▸ **EXERCISE INSTRUCTIONS**
Transcribe the records below word for word, beginning with the first line and stopping after the line that contains "масло, соль |"; pictures are not part of the copy.

== Segment start ==

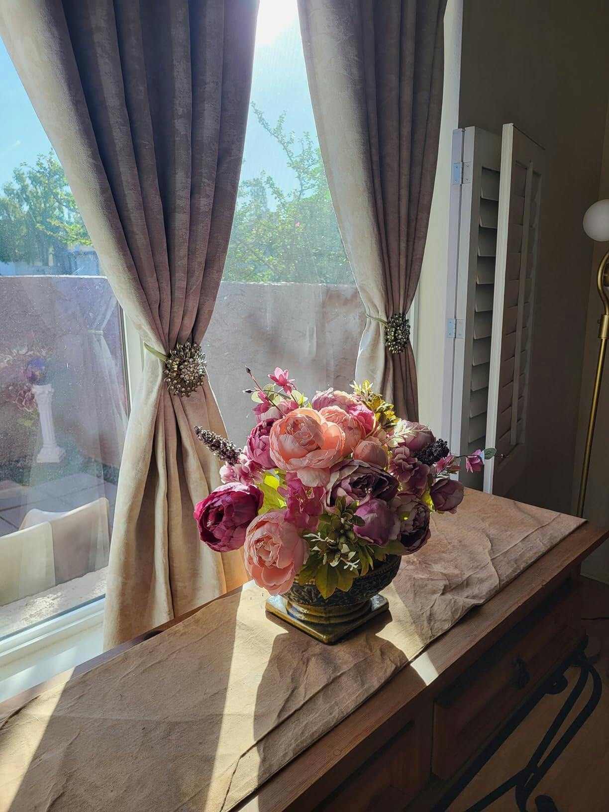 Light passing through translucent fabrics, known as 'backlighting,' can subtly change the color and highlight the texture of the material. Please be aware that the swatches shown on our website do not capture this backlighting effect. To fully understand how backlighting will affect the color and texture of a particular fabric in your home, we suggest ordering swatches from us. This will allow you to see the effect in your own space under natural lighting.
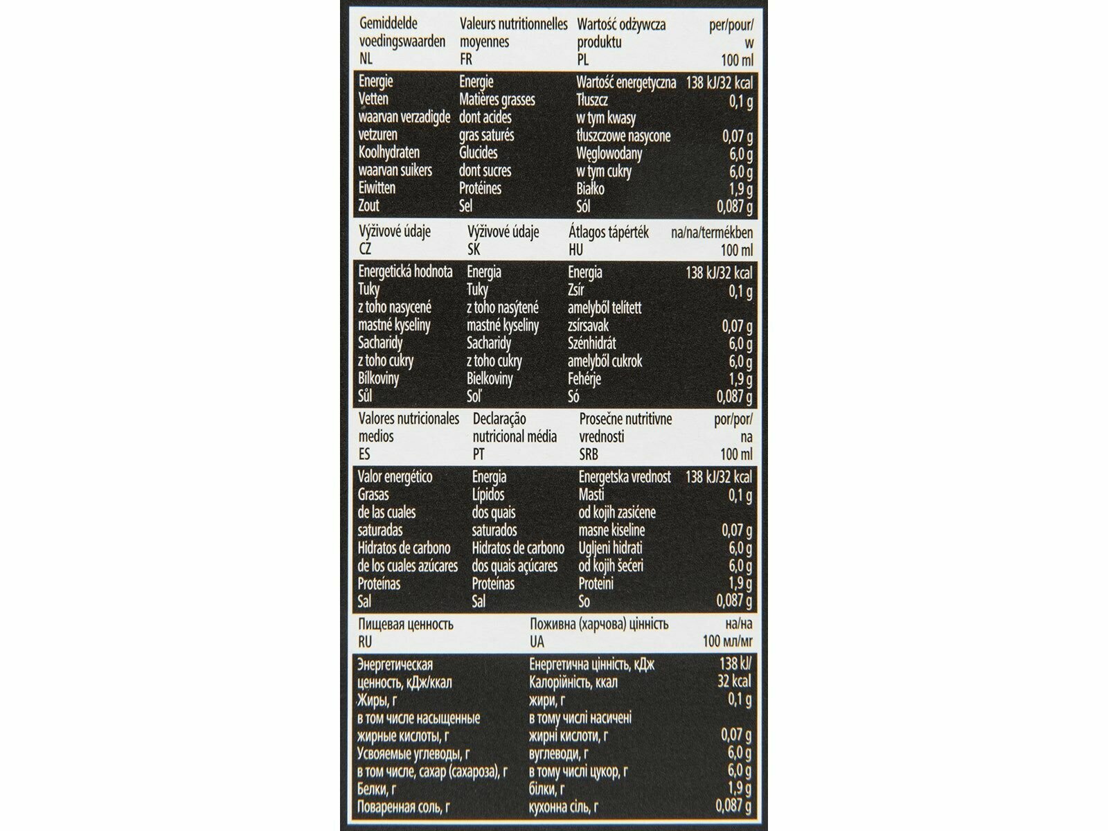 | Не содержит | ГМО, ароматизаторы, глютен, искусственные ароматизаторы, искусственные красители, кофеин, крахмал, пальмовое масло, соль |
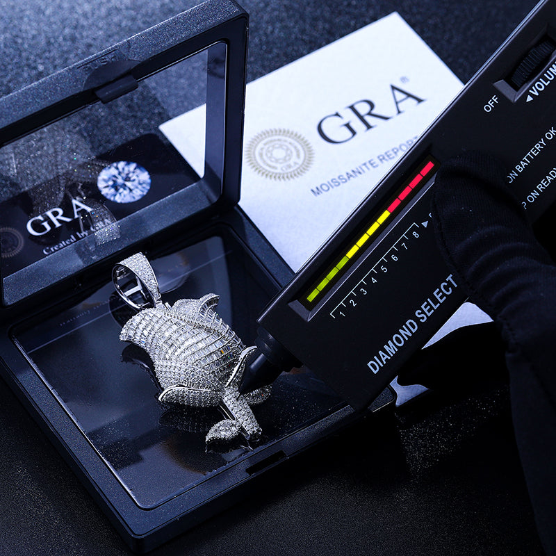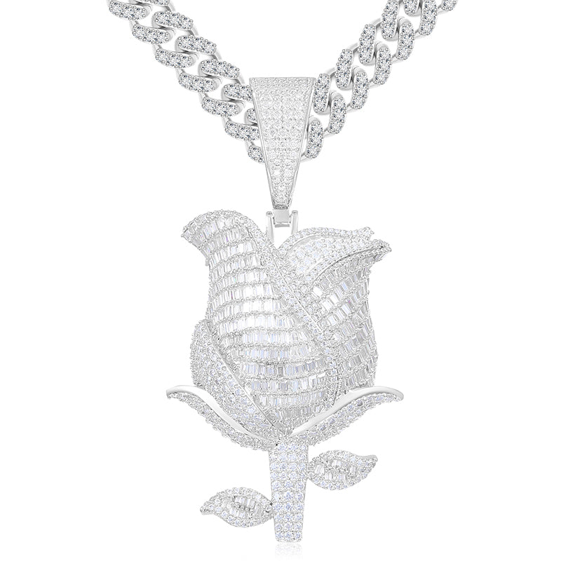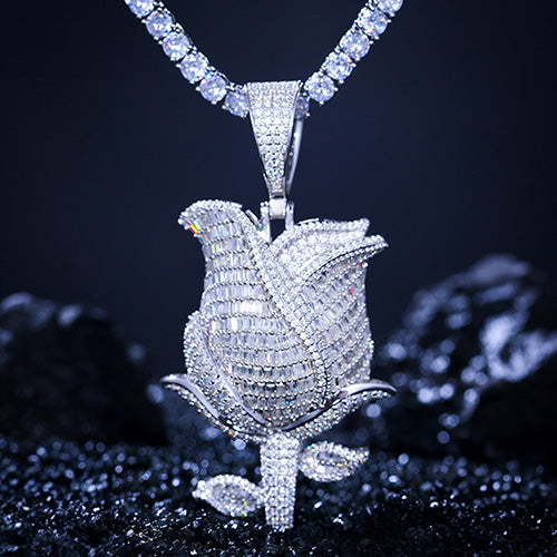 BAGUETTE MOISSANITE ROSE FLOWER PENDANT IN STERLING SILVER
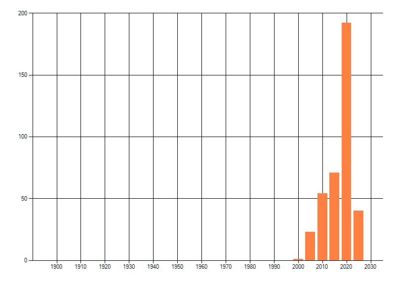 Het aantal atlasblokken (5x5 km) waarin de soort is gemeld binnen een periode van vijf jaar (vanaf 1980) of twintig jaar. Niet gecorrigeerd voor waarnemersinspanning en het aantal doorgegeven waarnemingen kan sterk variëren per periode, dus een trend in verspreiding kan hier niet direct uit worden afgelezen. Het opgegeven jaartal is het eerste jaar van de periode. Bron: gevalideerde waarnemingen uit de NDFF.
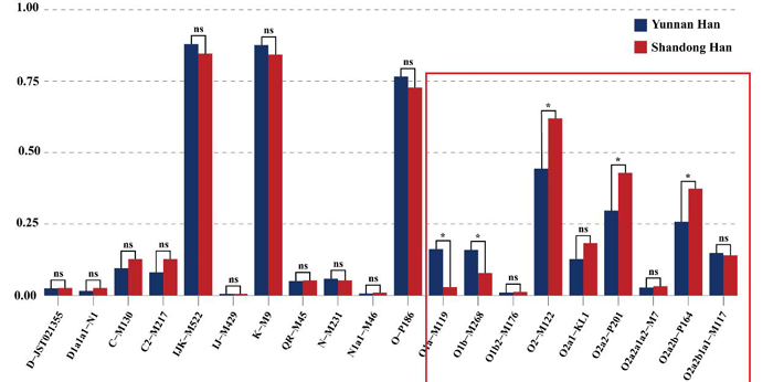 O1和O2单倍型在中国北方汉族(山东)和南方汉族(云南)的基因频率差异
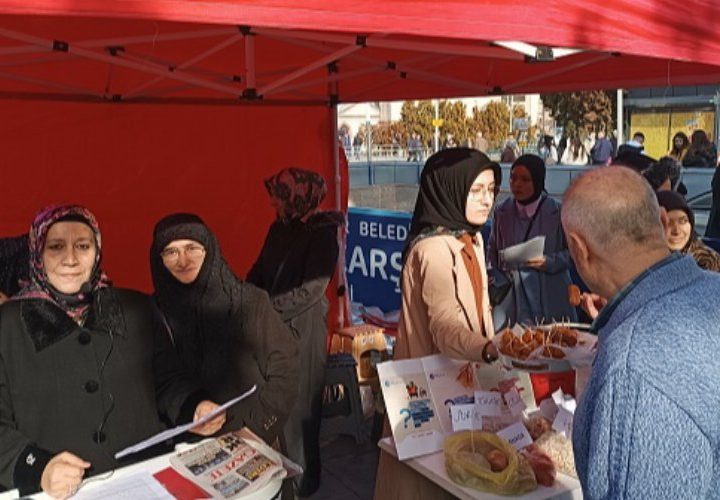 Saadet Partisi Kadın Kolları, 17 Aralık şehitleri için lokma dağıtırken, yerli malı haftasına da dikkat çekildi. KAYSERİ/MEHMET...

== Segment end ==

▸ **RESULT OF THE TASK**
 Light passing through translucent fabrics, known as 'backlighting,' can subtly change the color and highlight the texture of the material. Please be aware that the swatches shown on our website do not capture this backlighting effect. To fully understand how backlighting will affect the color and texture of a particular fabric in your home, we suggest ordering swatches from us. This will allow you to see the effect in your own space under natural lighting.
 | Не содержит | ГМО, ароматизаторы, глютен, искусственные ароматизаторы, искусственные красители, кофеин, крахмал, пальмовое масло, соль |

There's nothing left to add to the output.